■ **DATASET EXTRACT**:

++++++++

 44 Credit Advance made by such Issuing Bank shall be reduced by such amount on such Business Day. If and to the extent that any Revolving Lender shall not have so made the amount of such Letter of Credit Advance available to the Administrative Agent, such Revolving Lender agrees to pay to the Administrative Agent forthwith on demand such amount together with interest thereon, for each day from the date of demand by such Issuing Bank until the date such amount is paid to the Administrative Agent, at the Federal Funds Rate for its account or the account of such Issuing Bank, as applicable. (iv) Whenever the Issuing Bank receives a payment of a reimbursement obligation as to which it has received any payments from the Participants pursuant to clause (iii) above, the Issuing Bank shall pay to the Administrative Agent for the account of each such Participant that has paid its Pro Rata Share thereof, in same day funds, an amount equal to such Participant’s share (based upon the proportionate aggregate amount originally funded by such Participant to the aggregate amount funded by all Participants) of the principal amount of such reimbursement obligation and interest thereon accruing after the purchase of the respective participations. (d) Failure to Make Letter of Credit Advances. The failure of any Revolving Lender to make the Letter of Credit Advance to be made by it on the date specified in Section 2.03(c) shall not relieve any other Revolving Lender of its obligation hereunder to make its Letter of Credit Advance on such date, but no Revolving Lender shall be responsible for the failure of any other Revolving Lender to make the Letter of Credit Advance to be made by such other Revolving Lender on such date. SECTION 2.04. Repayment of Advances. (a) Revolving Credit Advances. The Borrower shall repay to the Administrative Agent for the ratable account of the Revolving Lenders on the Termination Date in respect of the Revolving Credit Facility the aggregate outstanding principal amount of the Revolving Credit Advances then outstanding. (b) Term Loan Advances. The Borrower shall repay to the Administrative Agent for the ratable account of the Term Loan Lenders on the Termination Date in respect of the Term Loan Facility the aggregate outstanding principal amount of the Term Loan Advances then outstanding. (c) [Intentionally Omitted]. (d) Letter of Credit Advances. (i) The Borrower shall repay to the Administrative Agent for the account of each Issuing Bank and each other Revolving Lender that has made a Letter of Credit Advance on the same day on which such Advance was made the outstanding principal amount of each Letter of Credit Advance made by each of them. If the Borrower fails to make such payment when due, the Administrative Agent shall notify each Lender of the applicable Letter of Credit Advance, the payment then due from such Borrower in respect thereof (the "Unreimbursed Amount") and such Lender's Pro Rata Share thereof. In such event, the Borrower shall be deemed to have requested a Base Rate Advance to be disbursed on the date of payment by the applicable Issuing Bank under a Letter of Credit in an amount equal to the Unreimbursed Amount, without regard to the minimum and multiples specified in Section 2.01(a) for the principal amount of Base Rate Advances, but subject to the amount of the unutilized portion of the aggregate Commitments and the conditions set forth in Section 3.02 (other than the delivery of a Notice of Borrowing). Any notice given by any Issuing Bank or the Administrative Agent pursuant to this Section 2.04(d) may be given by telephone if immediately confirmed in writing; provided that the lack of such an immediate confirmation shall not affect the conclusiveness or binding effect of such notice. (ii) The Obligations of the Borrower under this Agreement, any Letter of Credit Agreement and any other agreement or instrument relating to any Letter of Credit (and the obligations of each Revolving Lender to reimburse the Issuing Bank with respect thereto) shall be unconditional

++++++++

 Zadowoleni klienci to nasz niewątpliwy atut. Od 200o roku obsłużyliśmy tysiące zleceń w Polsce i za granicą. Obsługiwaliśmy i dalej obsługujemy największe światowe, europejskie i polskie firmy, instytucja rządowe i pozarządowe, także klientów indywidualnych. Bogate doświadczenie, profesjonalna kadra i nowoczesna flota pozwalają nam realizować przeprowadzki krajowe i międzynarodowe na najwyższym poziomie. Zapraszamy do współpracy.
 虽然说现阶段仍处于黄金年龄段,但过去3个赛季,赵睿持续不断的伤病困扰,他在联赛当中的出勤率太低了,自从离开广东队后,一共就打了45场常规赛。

++++++++

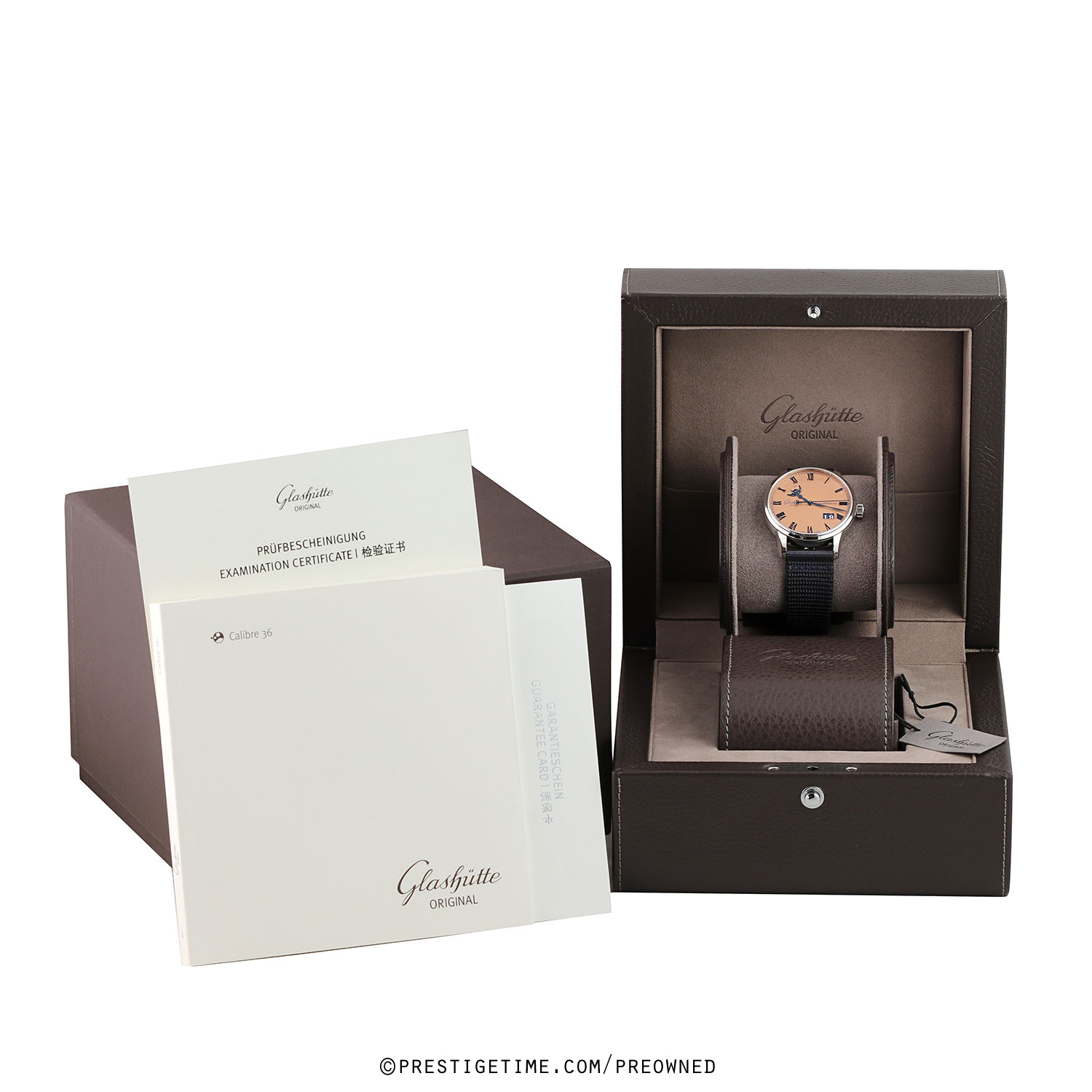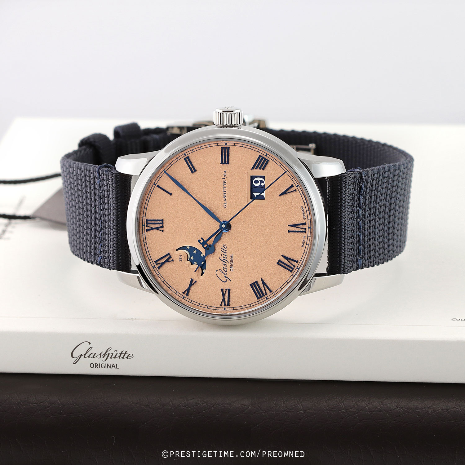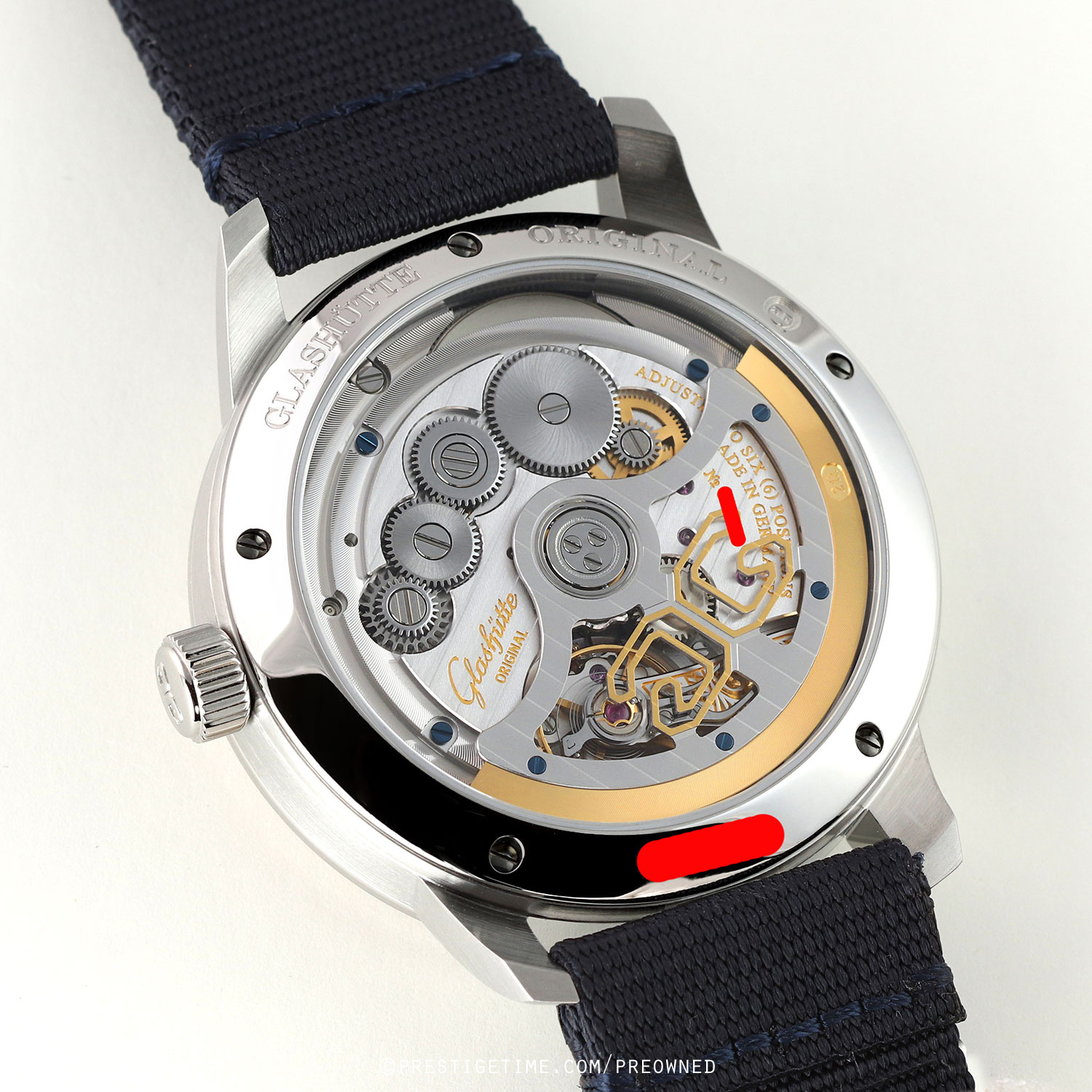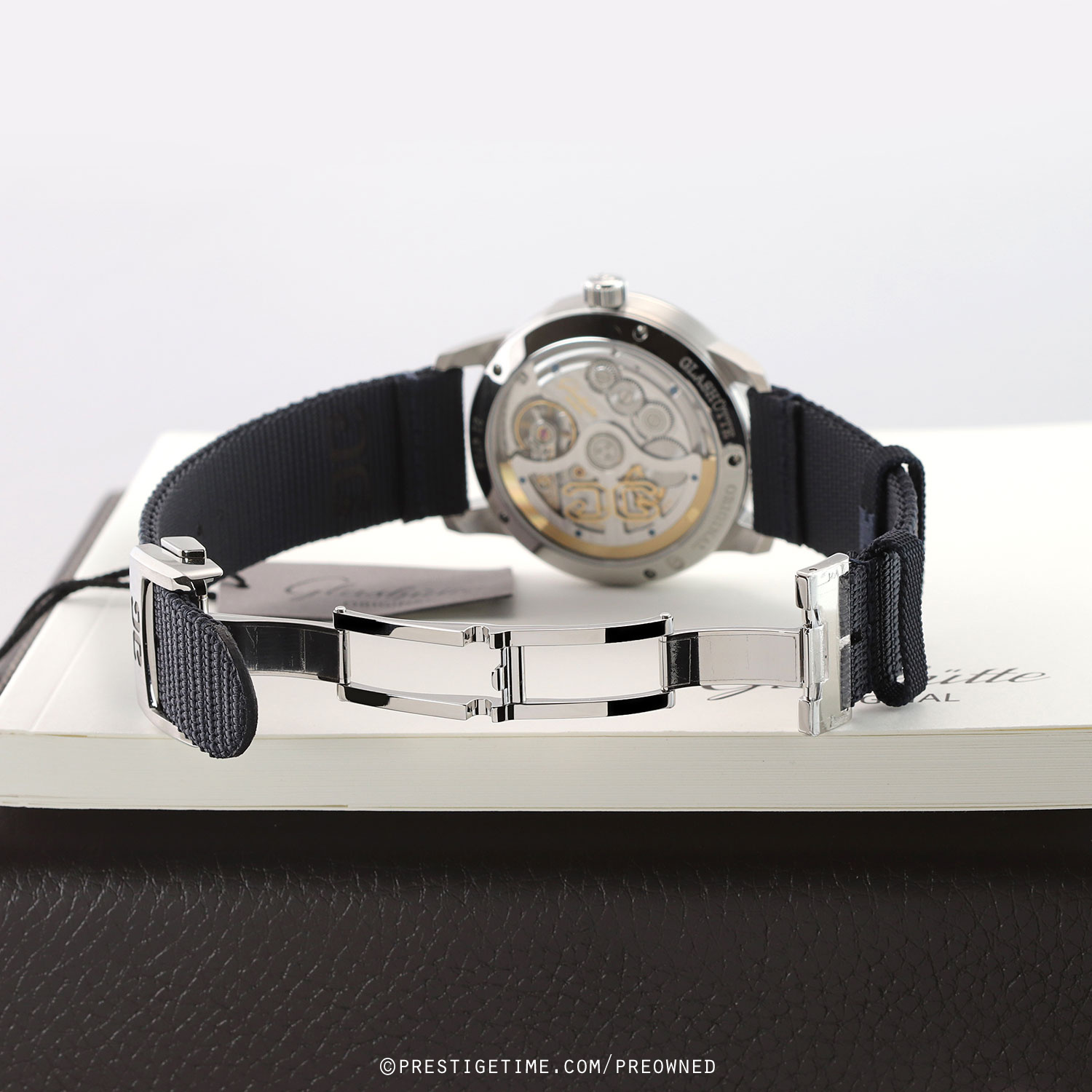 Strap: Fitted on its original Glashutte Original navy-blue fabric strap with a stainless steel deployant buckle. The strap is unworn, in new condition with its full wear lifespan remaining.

++++++++

Write out exactly the lines above from the line with "Zadowoleni klienci to" through the line with "虽然说现阶段仍处于黄金年龄段", both of them included, and leave out all other lines.

 Zadowoleni klienci to nasz niewątpliwy atut. Od 200o roku obsłużyliśmy tysiące zleceń w Polsce i za granicą. Obsługiwaliśmy i dalej obsługujemy największe światowe, europejskie i polskie firmy, instytucja rządowe i pozarządowe, także klientów indywidualnych. Bogate doświadczenie, profesjonalna kadra i nowoczesna flota pozwalają nam realizować przeprowadzki krajowe i międzynarodowe na najwyższym poziomie. Zapraszamy do współpracy.
 虽然说现阶段仍处于黄金年龄段,但过去3个赛季,赵睿持续不断的伤病困扰,他在联赛当中的出勤率太低了,自从离开广东队后,一共就打了45场常规赛。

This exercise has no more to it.